▶ **GOAL OF THE EXERCISE**
Everything from the opening line of the listing below to the line that has "وفي كلام بعضهم", inclusive, should be returned exactly, except the pictures.

▶ **DATA**
■ ■ ■

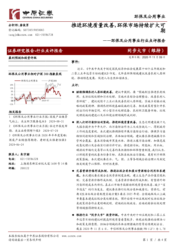 【中原证券】【20201109】推进环境质量改善,环保市场持续扩大可期-4页
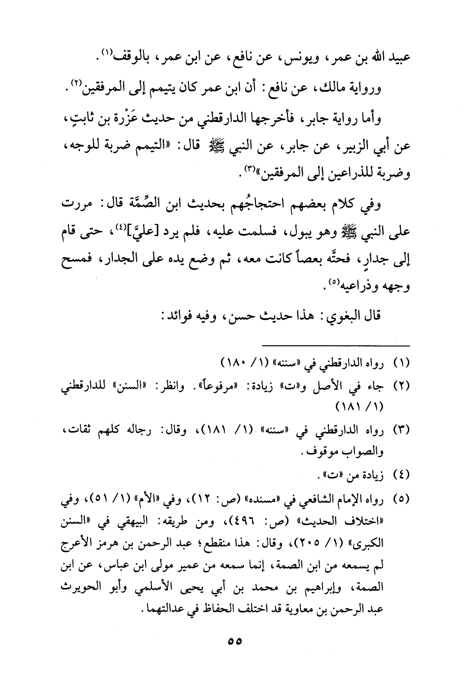 وفي كلام بعضهم احتجاجُهم بحديث ابن الصِّمَّة قال: مررت على النَّبيُّ - صَلَّى الله عليه وسلم - وهو يبول، فسلمت عليه، فلم يرد [عليَّ] (¬4)، حتَّى قام إلى جدارٍ، فحتَّه بعصاً كانت معه، ثم وضع يده على الجدار، فمسح وجهه وذراعيه (¬5).
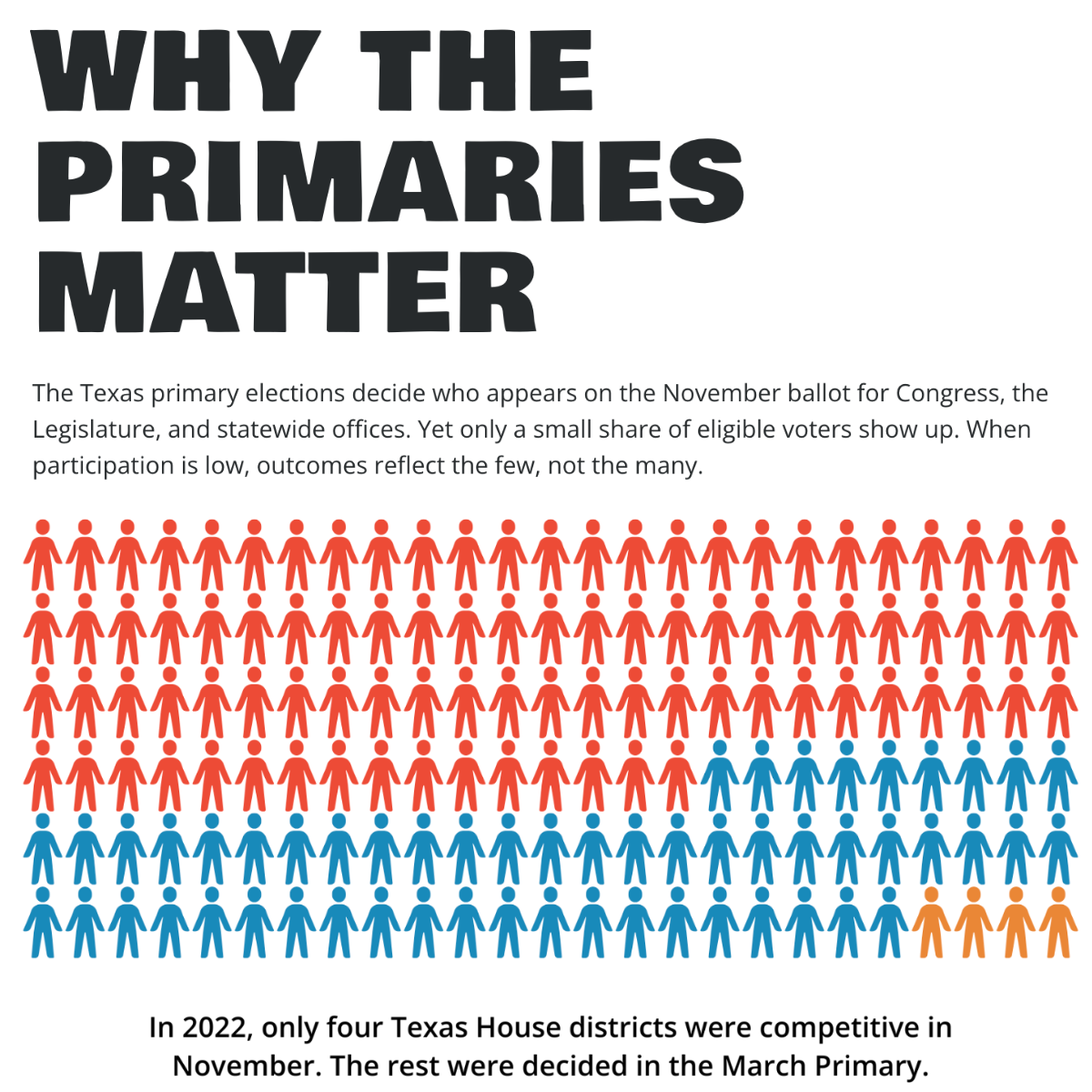 Consider this: since 1998, Texas primary elections have decided all 27 statewide offices and 145 of the 150 legislative seats. That means primary turnout doesn’t just influence politics—it largely determines it.
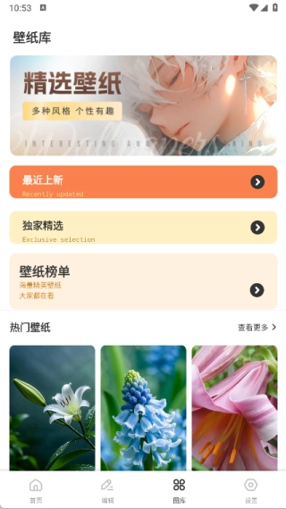4、在圖庫頁面中提供了最近上新、獨(dú)家精選、壁紙榜單以及熱門壁紙等信息。

■ ■ ■

▶ **SOLUTION**
 【中原证券】【20201109】推进环境质量改善,环保市场持续扩大可期-4页
 وفي كلام بعضهم احتجاجُهم بحديث ابن الصِّمَّة قال: مررت على النَّبيُّ - صَلَّى الله عليه وسلم - وهو يبول، فسلمت عليه، فلم يرد [عليَّ] (¬4)، حتَّى قام إلى جدارٍ، فحتَّه بعصاً كانت معه، ثم وضع يده على الجدار، فمسح وجهه وذراعيه (¬5).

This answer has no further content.